# Exercise instructions:
Reproduce the listing below character for character; drop every image.

# Material provided:
□ □ □ □ □ □ □
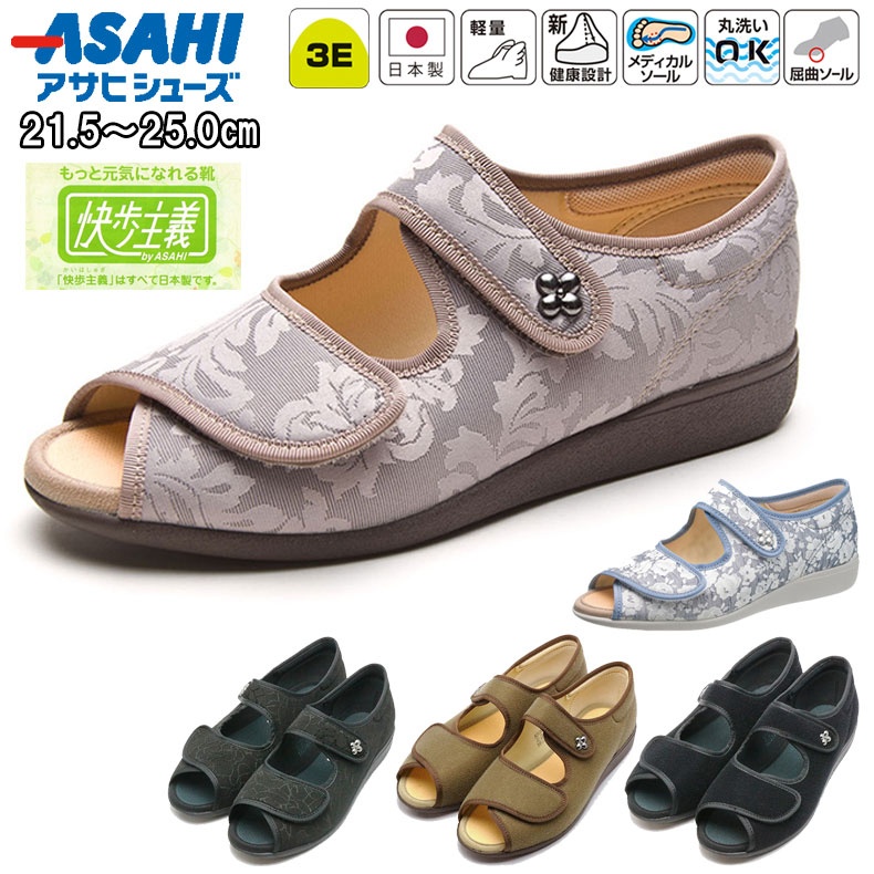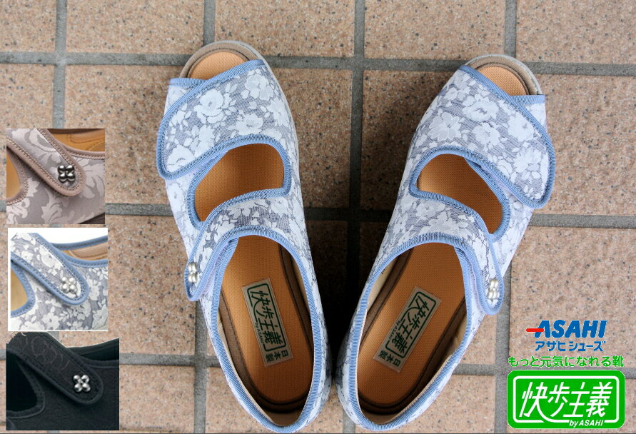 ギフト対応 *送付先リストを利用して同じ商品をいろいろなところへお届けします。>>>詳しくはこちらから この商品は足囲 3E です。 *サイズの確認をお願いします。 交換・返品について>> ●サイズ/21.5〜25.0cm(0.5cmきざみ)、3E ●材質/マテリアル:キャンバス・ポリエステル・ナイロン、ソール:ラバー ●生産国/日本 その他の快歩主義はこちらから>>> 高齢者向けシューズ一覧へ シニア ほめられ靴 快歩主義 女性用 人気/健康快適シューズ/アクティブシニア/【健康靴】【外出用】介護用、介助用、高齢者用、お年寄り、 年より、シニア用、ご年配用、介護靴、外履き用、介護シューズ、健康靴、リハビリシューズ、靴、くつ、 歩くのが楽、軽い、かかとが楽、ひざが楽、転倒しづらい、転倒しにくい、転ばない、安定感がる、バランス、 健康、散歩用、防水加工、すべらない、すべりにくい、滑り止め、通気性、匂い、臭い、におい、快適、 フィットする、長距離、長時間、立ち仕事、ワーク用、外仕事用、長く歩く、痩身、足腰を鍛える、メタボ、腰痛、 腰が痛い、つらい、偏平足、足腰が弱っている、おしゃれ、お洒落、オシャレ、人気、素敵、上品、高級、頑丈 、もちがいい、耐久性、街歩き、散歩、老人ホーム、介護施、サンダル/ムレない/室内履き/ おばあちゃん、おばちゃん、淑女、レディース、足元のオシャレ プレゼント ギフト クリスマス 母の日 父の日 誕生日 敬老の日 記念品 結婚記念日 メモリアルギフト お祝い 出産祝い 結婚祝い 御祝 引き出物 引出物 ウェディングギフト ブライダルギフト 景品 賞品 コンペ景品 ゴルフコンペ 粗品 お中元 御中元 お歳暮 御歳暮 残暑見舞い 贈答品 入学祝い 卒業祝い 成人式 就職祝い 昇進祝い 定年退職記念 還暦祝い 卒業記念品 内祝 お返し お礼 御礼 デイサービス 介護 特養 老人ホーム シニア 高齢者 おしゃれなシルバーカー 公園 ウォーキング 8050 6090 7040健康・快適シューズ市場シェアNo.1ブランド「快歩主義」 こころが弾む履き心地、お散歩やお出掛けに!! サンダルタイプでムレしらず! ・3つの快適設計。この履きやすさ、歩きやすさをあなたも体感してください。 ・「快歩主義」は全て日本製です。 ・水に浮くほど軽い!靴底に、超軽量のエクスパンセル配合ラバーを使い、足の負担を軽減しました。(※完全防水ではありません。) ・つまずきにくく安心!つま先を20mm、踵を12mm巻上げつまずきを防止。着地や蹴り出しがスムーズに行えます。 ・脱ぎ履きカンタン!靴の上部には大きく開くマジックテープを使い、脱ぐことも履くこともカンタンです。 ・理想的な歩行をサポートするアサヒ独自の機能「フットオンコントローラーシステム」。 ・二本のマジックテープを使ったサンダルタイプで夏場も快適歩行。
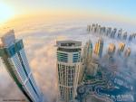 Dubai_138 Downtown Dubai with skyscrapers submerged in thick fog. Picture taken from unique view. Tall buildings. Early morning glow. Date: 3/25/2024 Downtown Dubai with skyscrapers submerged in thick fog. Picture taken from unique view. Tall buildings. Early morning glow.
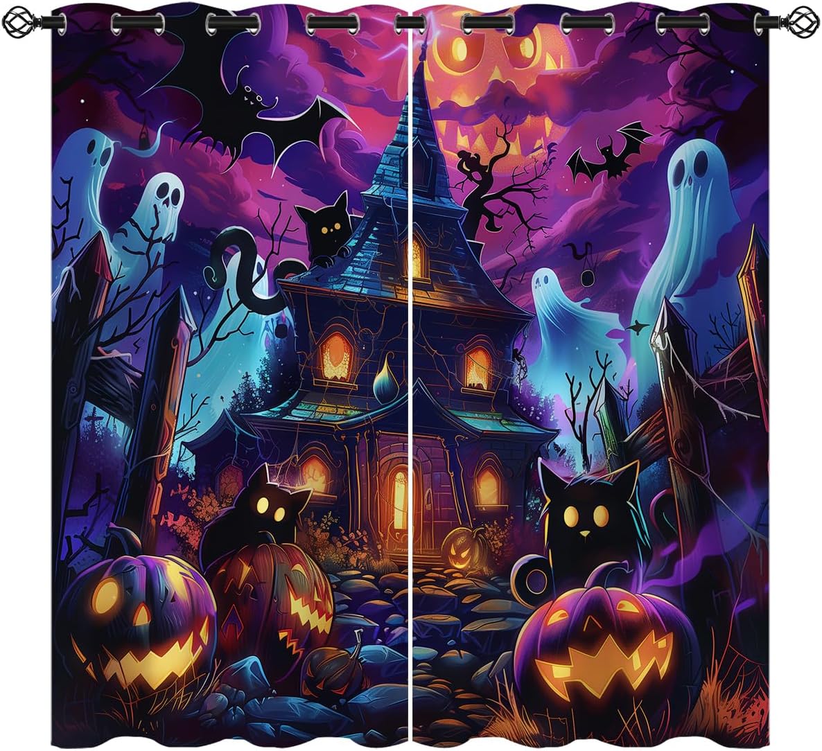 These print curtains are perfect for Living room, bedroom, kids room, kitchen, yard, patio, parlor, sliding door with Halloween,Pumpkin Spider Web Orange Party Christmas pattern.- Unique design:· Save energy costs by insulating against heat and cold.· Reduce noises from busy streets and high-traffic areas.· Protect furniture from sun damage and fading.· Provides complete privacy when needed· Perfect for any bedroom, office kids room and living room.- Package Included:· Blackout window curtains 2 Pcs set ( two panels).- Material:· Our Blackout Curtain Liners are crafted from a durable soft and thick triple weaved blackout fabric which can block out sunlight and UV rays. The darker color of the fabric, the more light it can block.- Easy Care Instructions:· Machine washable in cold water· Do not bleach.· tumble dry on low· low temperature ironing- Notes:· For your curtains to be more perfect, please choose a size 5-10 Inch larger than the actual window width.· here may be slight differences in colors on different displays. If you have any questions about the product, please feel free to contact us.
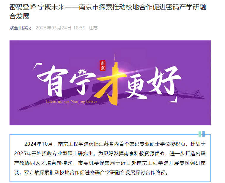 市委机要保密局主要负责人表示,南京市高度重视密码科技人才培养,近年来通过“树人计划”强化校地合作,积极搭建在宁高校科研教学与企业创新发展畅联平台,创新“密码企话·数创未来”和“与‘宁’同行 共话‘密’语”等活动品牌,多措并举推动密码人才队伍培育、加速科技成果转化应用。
□ □ □ □ □ □ □
# Answer:
 ギフト対応 *送付先リストを利用して同じ商品をいろいろなところへお届けします。>>>詳しくはこちらから この商品は足囲 3E です。 *サイズの確認をお願いします。 交換・返品について>> ●サイズ/21.5〜25.0cm(0.5cmきざみ)、3E ●材質/マテリアル:キャンバス・ポリエステル・ナイロン、ソール:ラバー ●生産国/日本 その他の快歩主義はこちらから>>> 高齢者向けシューズ一覧へ シニア ほめられ靴 快歩主義 女性用 人気/健康快適シューズ/アクティブシニア/【健康靴】【外出用】介護用、介助用、高齢者用、お年寄り、 年より、シニア用、ご年配用、介護靴、外履き用、介護シューズ、健康靴、リハビリシューズ、靴、くつ、 歩くのが楽、軽い、かかとが楽、ひざが楽、転倒しづらい、転倒しにくい、転ばない、安定感がる、バランス、 健康、散歩用、防水加工、すべらない、すべりにくい、滑り止め、通気性、匂い、臭い、におい、快適、 フィットする、長距離、長時間、立ち仕事、ワーク用、外仕事用、長く歩く、痩身、足腰を鍛える、メタボ、腰痛、 腰が痛い、つらい、偏平足、足腰が弱っている、おしゃれ、お洒落、オシャレ、人気、素敵、上品、高級、頑丈 、もちがいい、耐久性、街歩き、散歩、老人ホーム、介護施、サンダル/ムレない/室内履き/ おばあちゃん、おばちゃん、淑女、レディース、足元のオシャレ プレゼント ギフト クリスマス 母の日 父の日 誕生日 敬老の日 記念品 結婚記念日 メモリアルギフト お祝い 出産祝い 結婚祝い 御祝 引き出物 引出物 ウェディングギフト ブライダルギフト 景品 賞品 コンペ景品 ゴルフコンペ 粗品 お中元 御中元 お歳暮 御歳暮 残暑見舞い 贈答品 入学祝い 卒業祝い 成人式 就職祝い 昇進祝い 定年退職記念 還暦祝い 卒業記念品 内祝 お返し お礼 御礼 デイサービス 介護 特養 老人ホーム シニア 高齢者 おしゃれなシルバーカー 公園 ウォーキング 8050 6090 7040健康・快適シューズ市場シェアNo.1ブランド「快歩主義」 こころが弾む履き心地、お散歩やお出掛けに!! サンダルタイプでムレしらず! ・3つの快適設計。この履きやすさ、歩きやすさをあなたも体感してください。 ・「快歩主義」は全て日本製です。 ・水に浮くほど軽い!靴底に、超軽量のエクスパンセル配合ラバーを使い、足の負担を軽減しました。(※完全防水ではありません。) ・つまずきにくく安心!つま先を20mm、踵を12mm巻上げつまずきを防止。着地や蹴り出しがスムーズに行えます。 ・脱ぎ履きカンタン!靴の上部には大きく開くマジックテープを使い、脱ぐことも履くこともカンタンです。 ・理想的な歩行をサポートするアサヒ独自の機能「フットオンコントローラーシステム」。 ・二本のマジックテープを使ったサンダルタイプで夏場も快適歩行。
 Dubai_138 Downtown Dubai with skyscrapers submerged in thick fog. Picture taken from unique view. Tall buildings. Early morning glow. Date: 3/25/2024 Downtown Dubai with skyscrapers submerged in thick fog. Picture taken from unique view. Tall buildings. Early morning glow.
 These print curtains are perfect for Living room, bedroom, kids room, kitchen, yard, patio, parlor, sliding door with Halloween,Pumpkin Spider Web Orange Party Christmas pattern.- Unique design:· Save energy costs by insulating against heat and cold.· Reduce noises from busy streets and high-traffic areas.· Protect furniture from sun damage and fading.· Provides complete privacy when needed· Perfect for any bedroom, office kids room and living room.- Package Included:· Blackout window curtains 2 Pcs set ( two panels).- Material:· Our Blackout Curtain Liners are crafted from a durable soft and thick triple weaved blackout fabric which can block out sunlight and UV rays. The darker color of the fabric, the more light it can block.- Easy Care Instructions:· Machine washable in cold water· Do not bleach.· tumble dry on low· low temperature ironing- Notes:· For your curtains to be more perfect, please choose a size 5-10 Inch larger than the actual window width.· here may be slight differences in colors on different displays. If you have any questions about the product, please feel free to contact us.
 市委机要保密局主要负责人表示,南京市高度重视密码科技人才培养,近年来通过“树人计划”强化校地合作,积极搭建在宁高校科研教学与企业创新发展畅联平台,创新“密码企话·数创未来”和“与‘宁’同行 共话‘密’语”等活动品牌,多措并举推动密码人才队伍培育、加速科技成果转化应用。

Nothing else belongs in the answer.